Yesterday, received a CD-ROM from my uncle who has been doing a lot of family history/family tree stuff. All about the Norwegian side of the family: my paternal grandmother, and her parents and sibs and forebearers. Word processing documents with family trees, medical histories, how my great-grandparents individually left Norway in their young twenties, then met each other in Minnesota, moved to Montana to homestead [photo to left], then to Everett, Washington. Lots and lots of photos, both ancient and recent.
Was reminded that my cousin's (Guitar Cousin's younger brother) birthday is two days before mine; somehow I'd forgotten that.

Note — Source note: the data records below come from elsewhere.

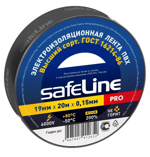 SAFELINE Лента изоляционная 1,9смх20м, цв.черный
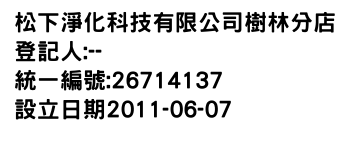 松下淨化科技有限公司樹林分店
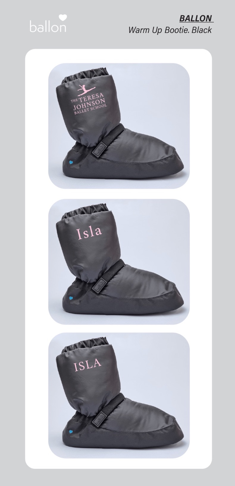 BALLON Padded Rip-Stop Nylon Boots with velcro strip – perfect to keep feet warm between classes.
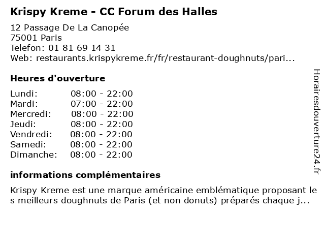 Termes de recherche pour Krispy Kreme - CC Forum des Halles:café, des, halles, cc, forum, boulangeries, boutique de desserts, krispy, kreme, boutique de chocolat |
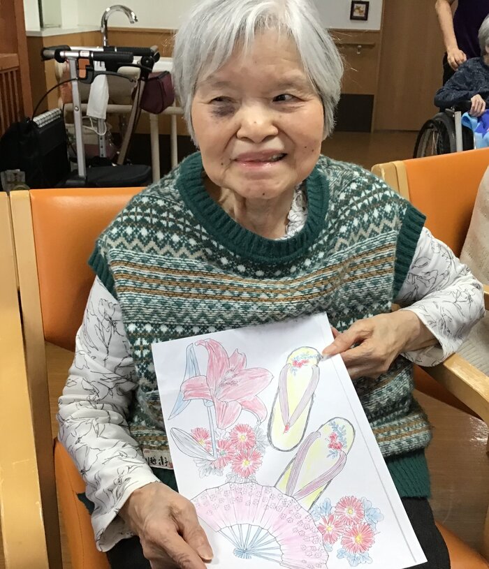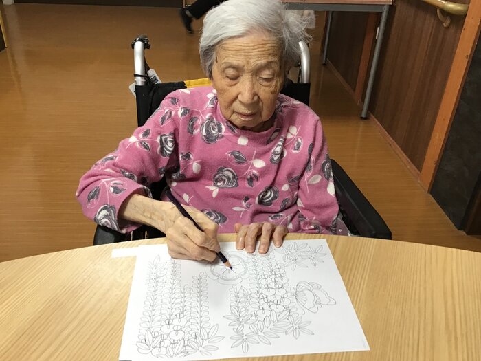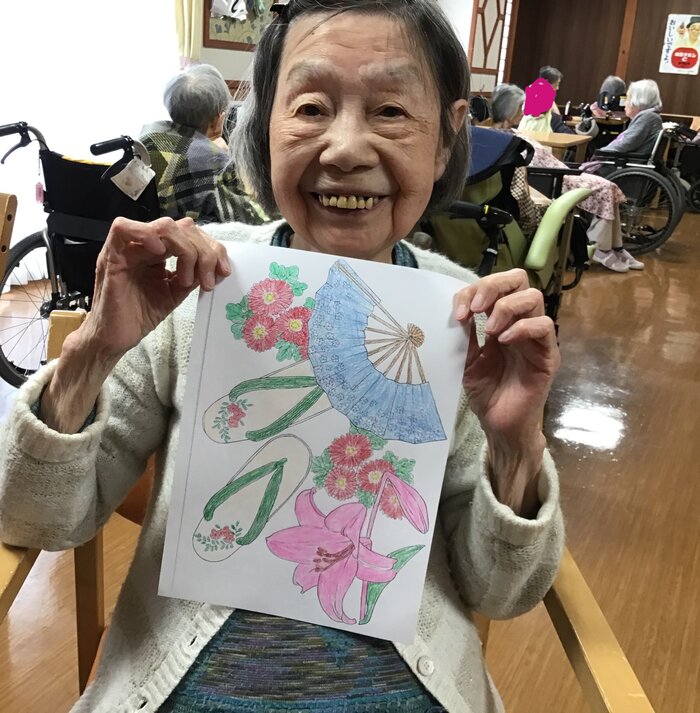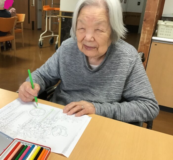 脳科学に基づいたぬり絵を使用しレク開始(^o^)/

Photo of my grandma and her sibs, when my grandma was around twelve. [Photo at left.]I can **totally** tell it's my grandma, by her facial expression.
Learned that my great-grandmother had eight kids -- basically having a kid every 1.5 to 2.5 years, from when she was 22 to when she was 40. And that the youngest daughter died of pneumonia when she was six -- when my Grandma was fourteen. I wonder how that affected her. She's always had a streak of being worried that something bad had happened to someone, if (for example) they were running late for a family gathering. Since my younger sister died, I've had the same sort of thing: a sense of everyone's mortality. So, maybe that's where my grandma got it.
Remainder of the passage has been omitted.